MATERIAL TO PROCESS: Begin

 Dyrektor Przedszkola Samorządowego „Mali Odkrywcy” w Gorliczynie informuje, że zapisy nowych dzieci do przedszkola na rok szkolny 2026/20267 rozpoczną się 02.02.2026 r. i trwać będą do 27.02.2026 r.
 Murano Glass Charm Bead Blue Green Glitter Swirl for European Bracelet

MATERIAL TO PROCESS: End
MATERIAL TO PROCESS: Begin

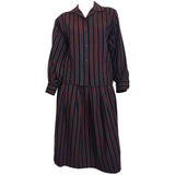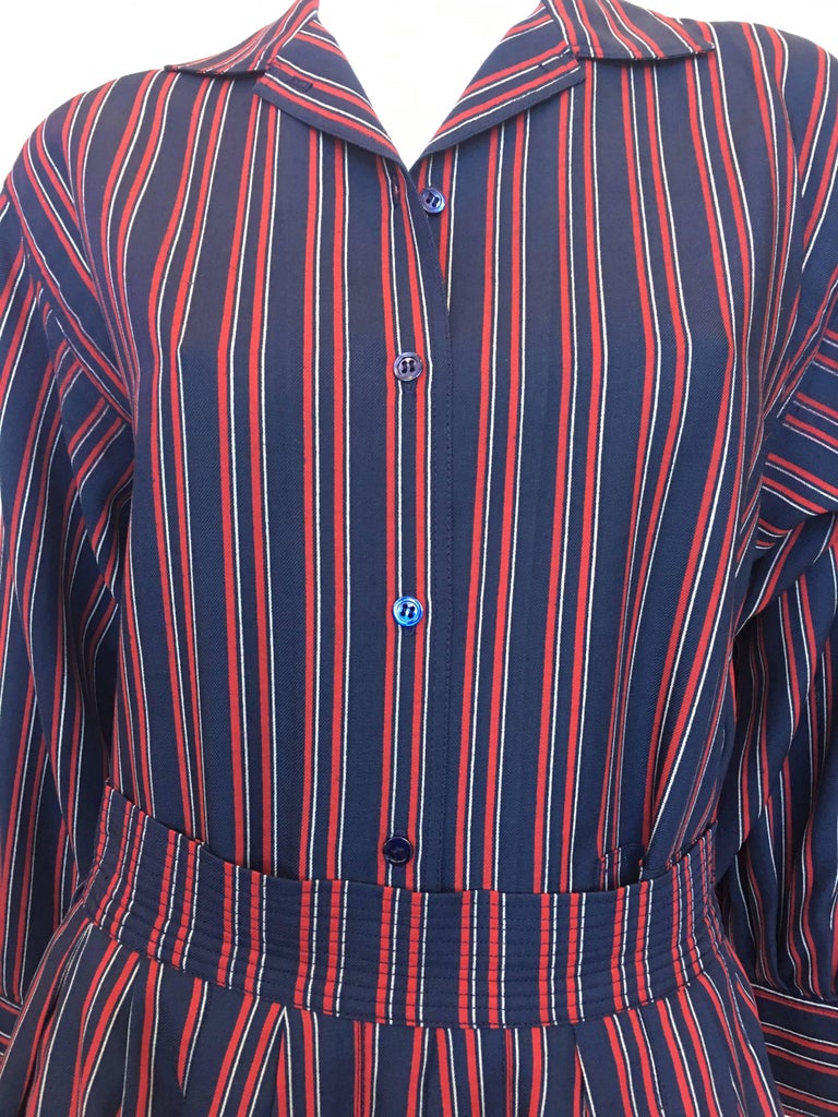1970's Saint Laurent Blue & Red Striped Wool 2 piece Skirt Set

MATERIAL TO PROCESS: End

» TASK INSTRUCTIONS
All that belongs in the answer is the run of lines above from the line containing "Dyrektor Przedszkola Samorządowego" through the line containing "Murano Glass Charm", exactly as written.

» EXERCISE OUTPUT
 Dyrektor Przedszkola Samorządowego „Mali Odkrywcy” w Gorliczynie informuje, że zapisy nowych dzieci do przedszkola na rok szkolny 2026/20267 rozpoczną się 02.02.2026 r. i trwać będą do 27.02.2026 r.
 Murano Glass Charm Bead Blue Green Glitter Swirl for European Bracelet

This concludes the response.